A partir de sua participação no Comitê Comunitário Virtual de Monitoramento das Ações de Enfrentamento da Covid-19 nos Bairros Populares de Salvador como você avalia as ações dos governos municipal e estadual no combate à pandemia?

O Comitê para a gente é uma experiência política de organização comunitária muito importante porque é daqui que a gente está construindo a proposta de fazer a formação continuada de Educação em Saúde e também fortalecer as representações comunitárias, as lideranças, fazendo emergir uma juventude nos bairros de Salvador. Nós já estamos em 60 bairros de Salvador, em diferentes regiões, estamos em Cajazeiras, Águas Claras, Paripe, Alto do Cabrito, Calafate, região da San Martim, Liberdade, Engenho Velho da Federação, Calabar, São Marcos, Canabrava, Nordeste de Amaralina e tantas outras regiões. É importante a gente dizer uma coisa: a sensação que nós temos é que esse espaço de organização comunitária tem feito com que a gente retome a organização política nos bairros para garantir que tenha controle social da gestão pública municipal e sobre a gestão pública estadual. A garantia e a efetividade da DEAM Digital é um exemplo. Nós pautamos a questão do vale alimentação para os estudantes da rede estadual.

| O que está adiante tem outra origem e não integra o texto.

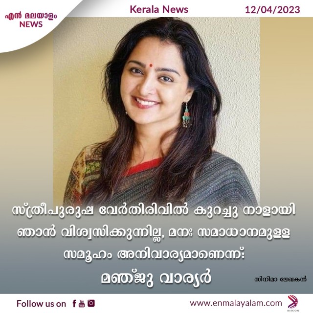 സ്ത്രീപുരുഷ വേര്തിരിവില് കുറച്ചു നാളായി ഞാന് വിശ്വസിക്കുന്നില്ല, മനഃസമാധാനമുള്ള സമൂഹം അനിവാര്യമാണെന്ന് മഞ്ജു വാര്യർ

No início o governo tinha profunda resistência e foi graças ao trabalho incansável do comitê junto com a Defensoria Pública, fazendo incidência política que nós garantimos. Nós temos muita fé e realmente uma posição política de fortalecer essa posição que é da sociedade. Antes da pandemia da Covid-19 vergonhosamente Salvador tinha uma cobertura de 37% da saúde básica, um município que é uma metrópole, que tem a gestão plena da saúde. Isso é uma coisa vergonhosa. Graças a essa ação política, organizada, coordenada, que a gente está garantindo, e provocando alguns constrangimentos tanto no governo municipal como no estadual. O abandono da situação de Ilha de Maré e das outras ilhas que compõem Salvador, quer dizer todas as medidas que estão sendo tomadas é graças a nossa ação de controle social. Tenho muita esperança que a gente pós-pandemia continue essa organização porque não é possível a gente aguentar os desdobramentos da PEC 95 acontecendo realmente em nossas vidas, com o congelamento dos investimentos em saúde, educação e políticas sociais. A resposta para nós passa exatamente por essa organização, controle social e vigilância política e democrática para a efetivação das políticas públicas para que a única política que chegue em nossa vida não seja absurdamente o braço armado e covarde do Estado, para destruir vidas e aniquilar esperanças. Nós não aceitamos o sabotamento da esperança de nosso povo. E a forma que a gente tem para responder é essa.